The addition of an FM chip in cellular phones has no impact on size and little impact on price of the handset, Straeb said.
“The chips would add between 80 cents and $1 to the cost of a cellular phone if produced in large quantities. It’s really a competitive issue for the handset makers and another feature they can offer customers if they adopt the technology.”
Handset antenna requirements and battery life are two of several issues being addressed, Straeb said.
If the cellular industry adopts the FM receiver platform, a small plug-in download from GSS, which is license free, would be required, Straeb said.
The company has rolled out Alert FM in 12 states and on more than 200 stations.
Recent launches include parts of South Florida. In Broward and Miami-Dade County, residents have access to Alert FM. The initial south Florida radio stations participating in Alert FM are WRTO(FM), WLRN(FM) and WAMR(FM).
GSS has “distribution over a large geographical area in south Florida, giving emergency managers the potential to reach more than 4 million citizens in seconds,” according to a GSS press release.
George Mason University, located in northern Virginia, announced in March that it would use Alert FM for alerting resident advisors and school directors on campus. The school has more than 30,000 students and faculty.
Alert FM also has been implemented in Phoenix as well as Memphis, Tenn., according to the company.
Global Security Systems’ Alert FM also is the “exclusive provider of the alert notification contact path” for America’s Emergency Network, a communications technology company whose system sends video feeds via satellite from Emergency Operations Centers to emergency responders and the media, Straeb said.

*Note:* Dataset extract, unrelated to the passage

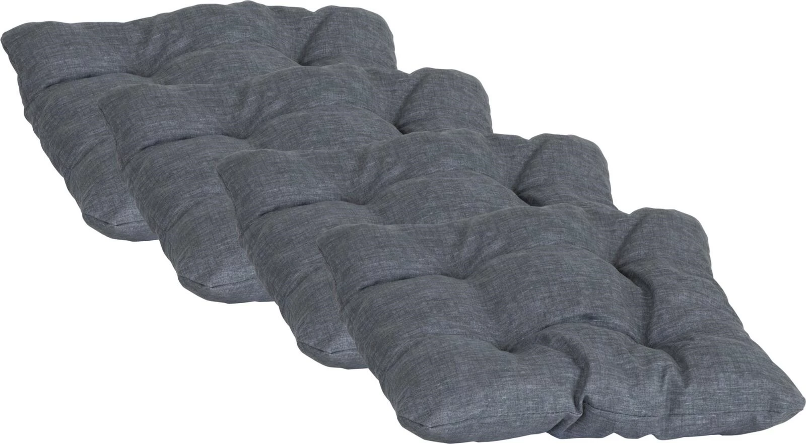 Dieses 4er Set mit anthrazitfarbenen Kissen verschönert Ihre Terrassen- oder Balkonmöbel. Auch im Innenbereich können Sie diese zeitlosen Kissen zur Dekoration benutzen. Die Kissen bestehen aus 50% Polyester und 50% Baumwolle, dadurch sind sie bedingt witterungsbeständig. Wir empfehlen die Kissen bei starken Witterungseinflüssen in einen geschützten Bereich zu bringen. Masse 38 × 38 × 8 cm. Die Kissensets sind in vier verschiedenen Farben erhältlich.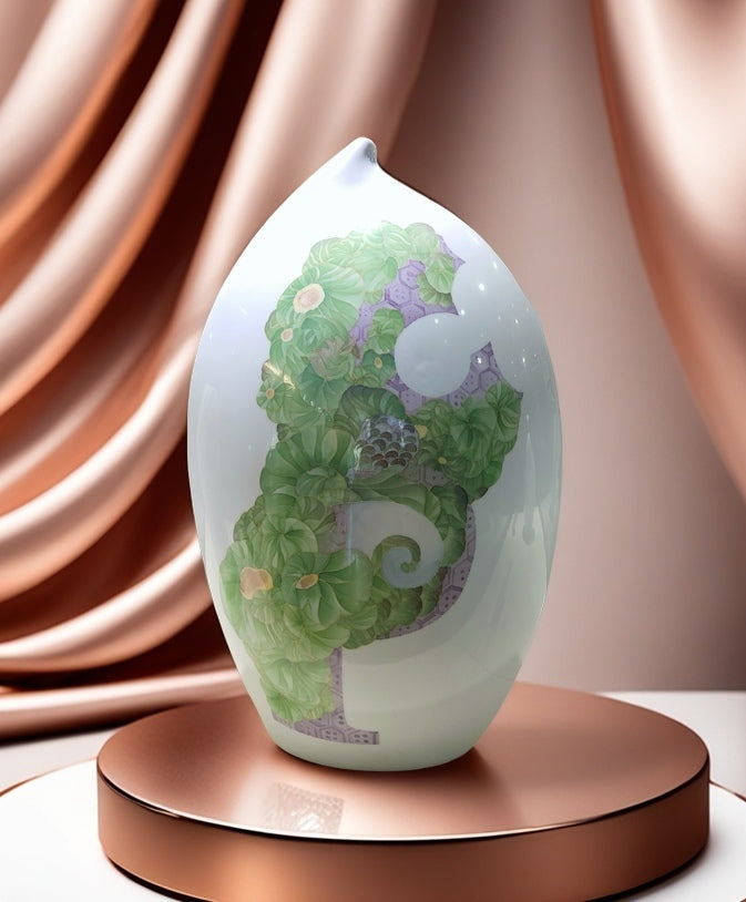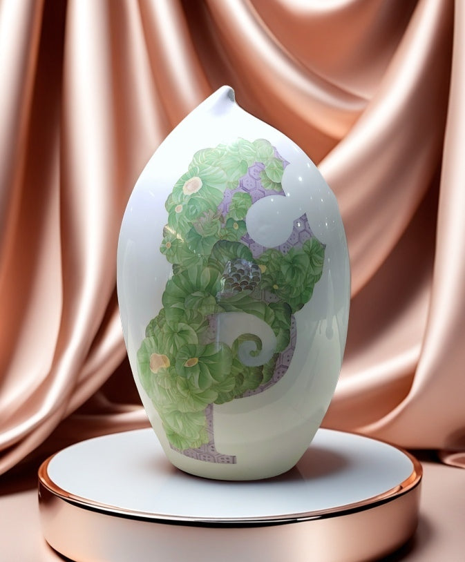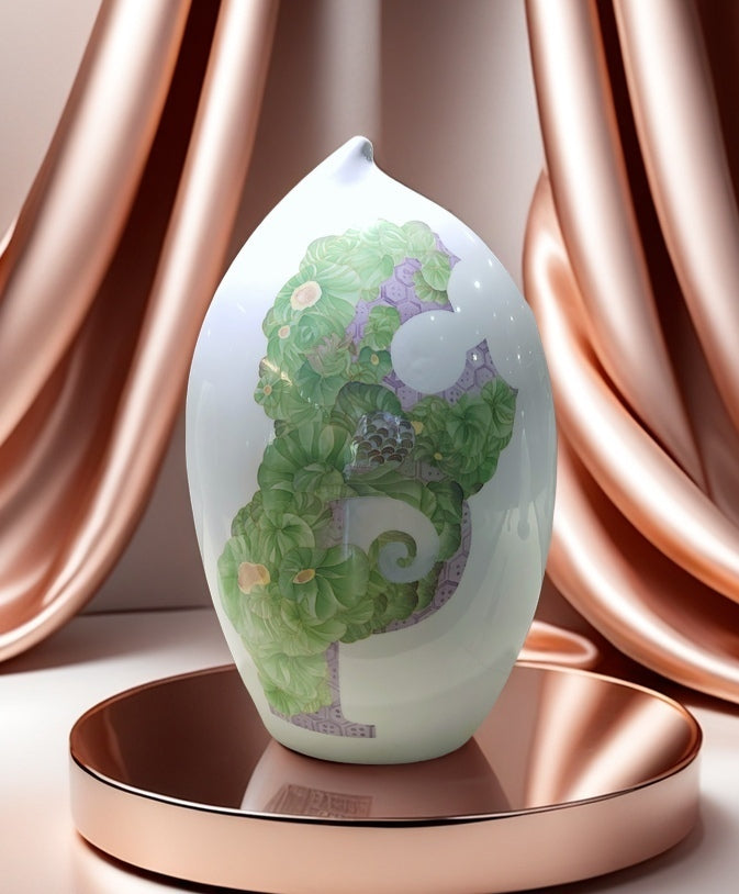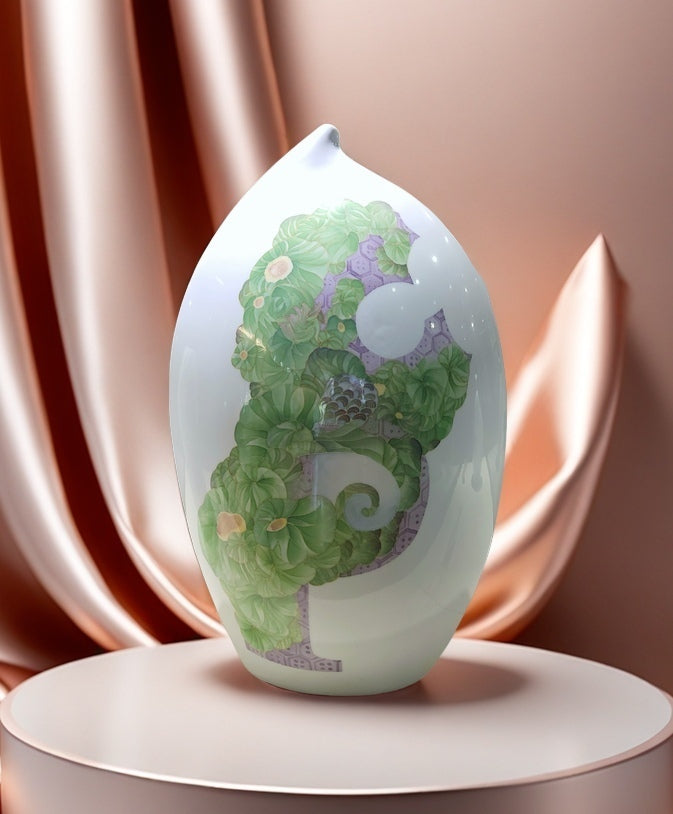 Standing at 58 cm in height, this ceramic ornament is the fifth piece in the renowned [Blooming Alphabet Series], created by the celebrated ceramic artist Duan Yujie. Crafted using the time-honored underglaze five-color porcelain technique—a national intangible cultural heritage—each detail embodies the perfect fusion of masterful artistry and traditional craftsmanship.

AEN is a wholly owned subsidiary of Brampton Crest International, which recently named Robert Adams its chairman of the board.
Adams is president and chief executive officer of Global Security Systems. He and Michael Moreno founded GSS, a privately owned company, in 2003.
AEN in June completed a successful test of its video streaming emergency communication system during Florida’s annual hurricane exercise.
Former NAB President/CEO Eddie Fritts, who now heads up the lobbying firm The Fritts Group, promotes the Alert FM system to the public and other groups, Straeb said.